■ **WHAT THE TASK ASKS**
With pictures omitted, copy exactly every line from the one that contains "ALL OUR HISTORIC" to the end of the listing below.
------
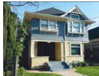
WESTON HOUSE 2112 Portland Street 6 Bedrooms - $7,500/month

ALL OUR HISTORIC HOUSES ARE NORTH OF CAMPUS IN USC'S PUBLIC SAFETY ZONE
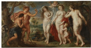
Peter Paul Rubens (1577 Siegen - 1640 Antwerp) The Judgment of Paris c.1639, oil on canvas, 199 x 381 cm Madrid, Museo Nacional del Prado, inv. no. P1669
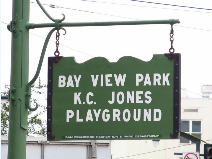
Bay View Park

What kind of trips would you take on a Community Shuttle?
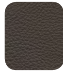
cocoa a go go
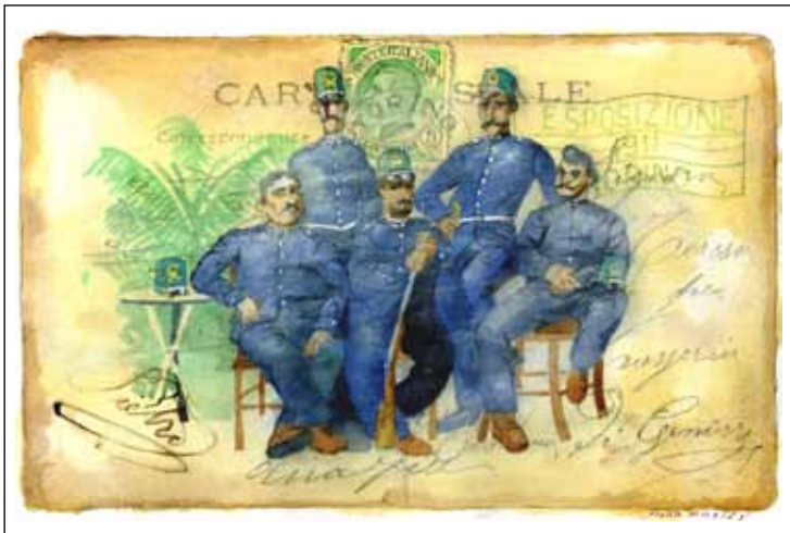
Postcard di Pietro

Copper Skillet Courtyard 811 Ferry Street Martinez, CA. www.fineartirina.com
------
■ **YOUR RESPONSE**
ALL OUR HISTORIC HOUSES ARE NORTH OF CAMPUS IN USC'S PUBLIC SAFETY ZONE
Peter Paul Rubens (1577 Siegen - 1640 Antwerp) The Judgment of Paris c.1639, oil on canvas, 199 x 381 cm Madrid, Museo Nacional del Prado, inv. no. P1669
Bay View Park

What kind of trips would you take on a Community Shuttle?
cocoa a go go
Postcard di Pietro

Copper Skillet Courtyard 811 Ferry Street Martinez, CA. www.fineartirina.com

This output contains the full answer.